The largest losses of life in hurricanes result from storm surges, which are rapid rises of sea water and associated flooding that occur when hurricanes make landfall. Storm surge height can exceed 20 ft (6 m) when strong hurricanes strike a coastline with shallow water offshore. In recent decades, large losses of life due to storm surge had become less frequent; however, the rapid growth of U. S. coastal populations and related infrastructure, and the increasing complexity of evacuation have led to increased vulnerability of coastal communities. This vulnerability was tragically illustrated by 2005’s Hurricane Katrina, which by some estimates killed more than 1700 people in Louisiana and Mississippi. Improved building codes in hurricane-prone regions have greatly reduced fatalities from wind damage, but many fatalities continue to result from tropical cyclone–induced inland flooding.
Tropical cyclone-caused damage in the continental United States averages $10–11 billion (in 2007 dollars) annually. This cost is increasing due to growing population, wealth, and development in the vulnerable coastal zones.
Because tropical cyclones spend much of their existence over remote oceanic areas, they are predominantly observed using remote-sensing techniques, including satellites and radars. The advent of operationally available geostationary satellite surveillance in 1970 has greatly improved our ability to detect tropical cyclones, some of which would inevitably have otherwise escaped notice. However, traditional satellite-derived position estimates may have errors of tens of miles when the circulation center is obscured by clouds, and satellite-derived intensity estimates may have errors of tens of knots. Passive microwave imagery can provide radar-like depictions of storm structure to aid in the analysis of tropical cyclones, but these data are neither as timely nor as frequent as they need to be. Scatterometers such as the QuikSCAT provide surface wind measurements over large oceanic swaths, but these measurements are significantly degraded by rain and generally cannot resolve the maximum winds in moderate to strong hurricanes. Unfortunately, as discussed in the 2007 report of the National Research Council Earth Science and Applications from Space: National Imperatives for the Next Decade and Beyond, (available online at http://books.nap.edu/catalog/11820.html), even this recent progress in remote sensing of tropical cyclones from space may not be maintained.

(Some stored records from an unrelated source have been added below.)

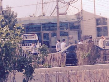 王淑艳和刘香阁两家家属起大早赶到法院,发现五点之前,法院门前道路就已全封闭了,两辆警车横在法院门口,众多像私家车的便衣车占据着路旁,门口除了着警服的警察外,到处都是便衣,他们上身着各色西服,下穿警裤,拿着小铲子,在铲道路两旁贴在电线杆和建筑物上揭露宽城区法院非法开庭的真相传单。
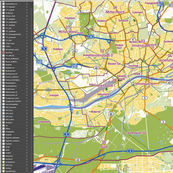 Frankfurt am Main Stadtplan Vektor Stadtbezirke Stadtteile Topographie
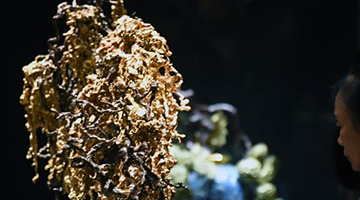 8月31日,参观者在中国美术馆参观拍摄展出作品“鸡冠花”。
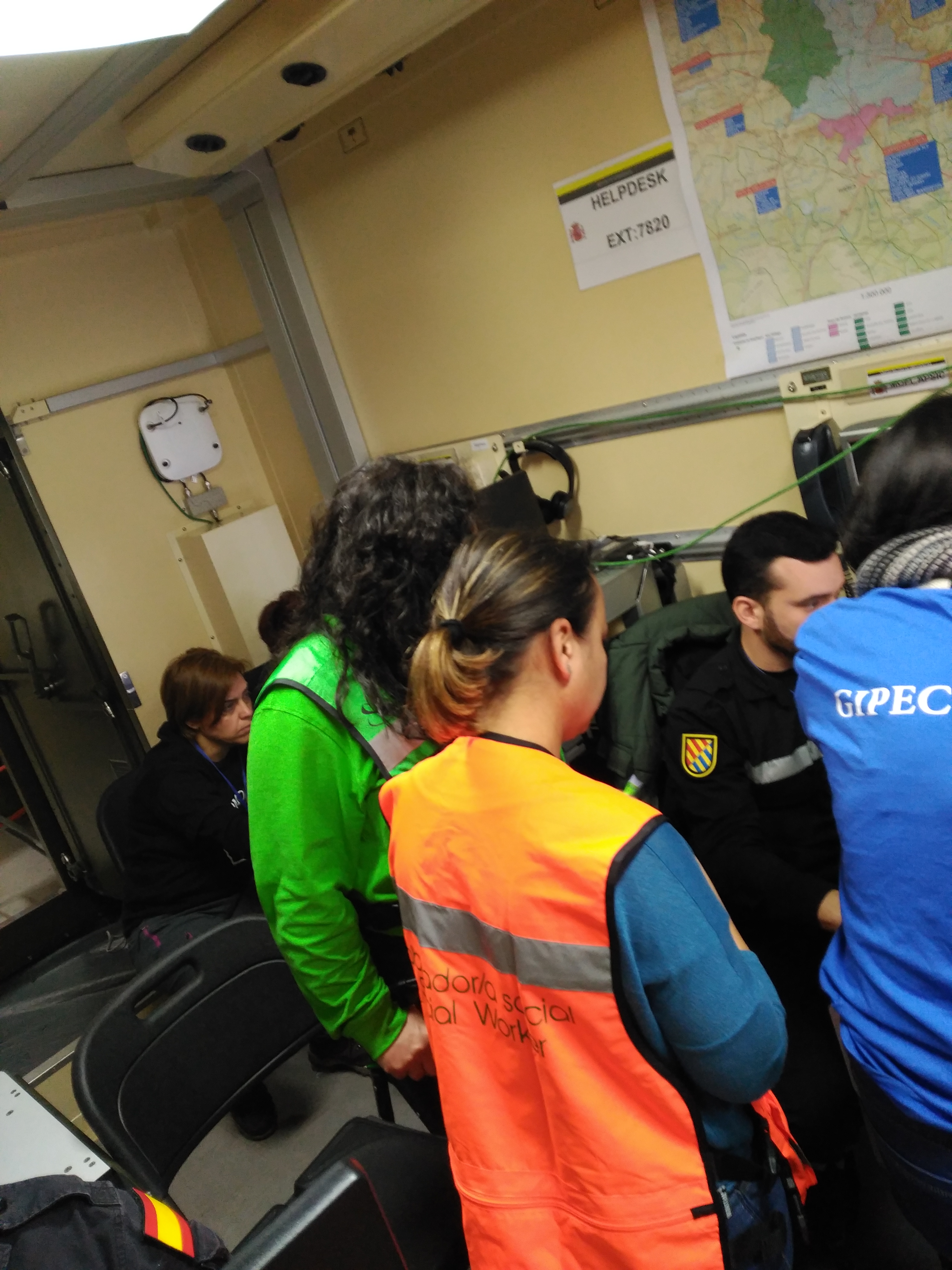 Las trabajadoras sociales participan en dos localizaciones ubicadas en Jaca cerca de las zonas afectadas. Los equipos de trabajadoras sociales no solo aprenderán funciones propias de la profesión durante catástrofes, sino que se podrán vivir en primera persona la activación de los planes y se coordinaran con otros equipos multidisciplinares que participan en este tipo de acciones. Las principales funciones que se llevarán a cabo serán: dar cobertura a las personas afectadas y sus familiares por la catástrofe centrándose en informar, orientar, gestionar y derivar recursos y prestaciones sociales, así como realizar acompañamiento social, localización y reagrupación familiar.
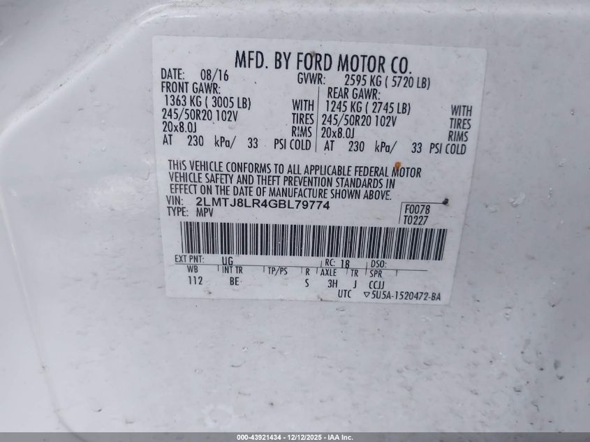 2016 LINCOLN MKX 2016 року Бензин, 3.7, Повний привід, vin - 2LMTJ8LR4GBL79774 з США
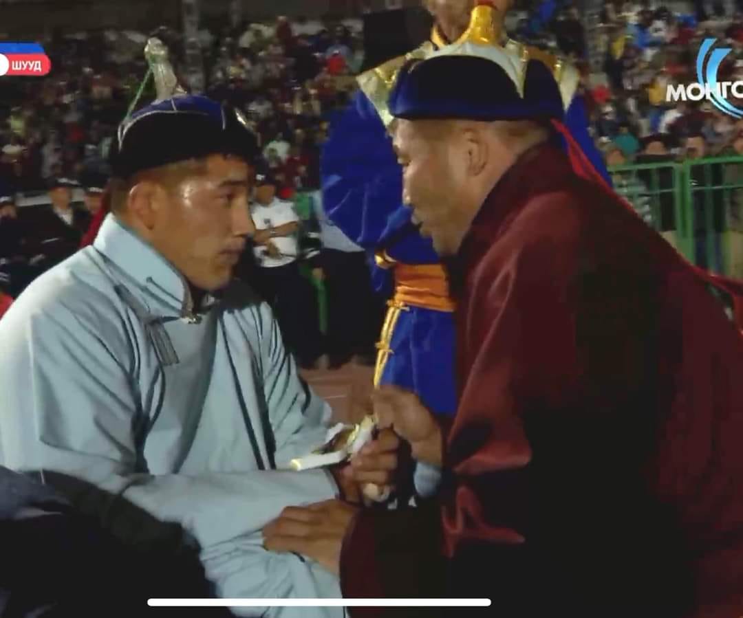 -Монголчуудын хэзээ ч мартахааргүй сайхан наадам болсон гэхэд эргэлзэхгүй байна. Мэдээж хүүгээрээ бахархаж, наадамчин олонтойгоо хамт догдолж, хүлээж үзсэн. Хүүгээ үзүүр, түрүүнд тунаж үлдэхээр нь сэтгэл улам хөөрч, догдолж, заримдаа тайвшрах гэж хичээсэн. Тэгээд хүүгээ “Түрүүлчихээсэй, түрүүлчих байх” гээд дээлийнх нь захыг мушгиж суулаа. Хүү нь улсын их баяр наадмын үзүүр, түрүүнд үлдчихээд дээлийнх нь захыг мушгиад сууна гэдэг аав бүхэнд тохиохгүй ховорхон хувь заяа юм билээ.
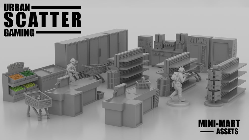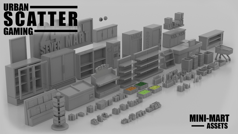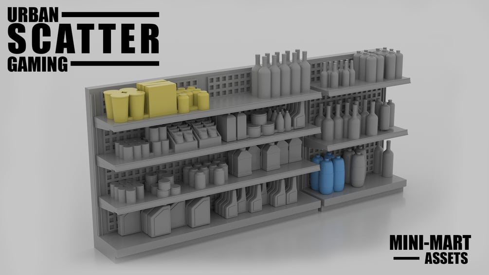 I present to you my Mini-Mart/Supermarket assets. A large pack of items perfect for any modern or post apocalyptic setting. It contains all you need to detail your Gas stations, supermarkets or shops with shelving and produce.
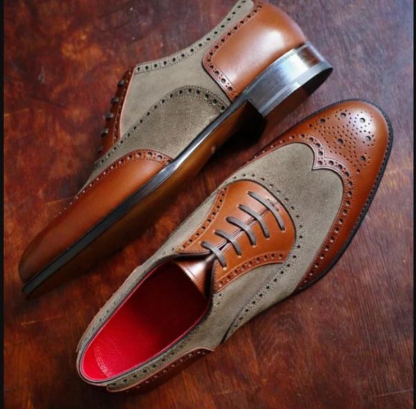 Handmade Men two tone wing tip brogue dress shoes, Men leather formal shoes

When tropical cyclones threaten land areas, Air Force Reserve C-130 and NOAA P-3 reconnaissance aircraft are used to gather in situ observations of storm location, central pressure, and winds. Surface winds are generally estimated as a fraction of the winds observed at flight level, or through direct measurement by GPS dropwindsondes. Continuous surface wind measurements along the flight track can be obtained from the stepped-frequency microwave radiometer (SFMR), which is already installed on the P-3s and will soon to be added to the C-130 fleet. The SFMR is expected to significantly improve the accuracy of hurricane intensity estimates (currently believed to be near 10%) as well as analysis of the extent of damaging winds.

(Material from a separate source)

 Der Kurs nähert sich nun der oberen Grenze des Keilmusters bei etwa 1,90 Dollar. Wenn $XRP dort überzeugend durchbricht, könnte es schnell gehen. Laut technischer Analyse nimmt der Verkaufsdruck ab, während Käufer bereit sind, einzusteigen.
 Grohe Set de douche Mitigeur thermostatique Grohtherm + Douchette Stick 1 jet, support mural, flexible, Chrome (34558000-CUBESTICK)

During the past two decades there has been a tremendous increase in the quality and quantity of remotely sensed wind and thermodynamic data over the formerly data-sparse oceans; however, the hurricane and its environment are still under-sampled. When tropical cyclones threaten land, steering currents surrounding the storm can be measured by dropwindsondes, released from the Gulfstream-IV jet, resulting in track forecast improvements in some models of up to 15%.
a. Track forecasting
The tropical cyclone track forecast is the foundation of the forecast and warning process; accurate prediction of other storm parameters is of little value if the track forecast is greatly in error. Fortunately, track forecasts have been steadily improving. For the 5-yr period 2001–2005, the NOAA National Hurricane Center (NHC) track forecast errors averaged 65 nautical miles (120 km) for the 24-h forecast and 118 nautical miles (269 km) for the 48?h forecast. NHC track forecast errors are now roughly half of what they were in 1990. During the two very active Atlantic hurricane seasons of 2004 and 2005, NHC 12–72 h forecast accuracy was at or near record levels. As a result of these improvements, official track forecasts were recently extended from three days out to five days, and the current 5?day forecasts are as accurate as the 3-day forecasts were 15 years ago. Much of this progress over the past two decades is attributable to improvements in global and regional numerical models, the explosion in the amount of remotely sensed data over the oceans, and advances in the assimilation of all data types.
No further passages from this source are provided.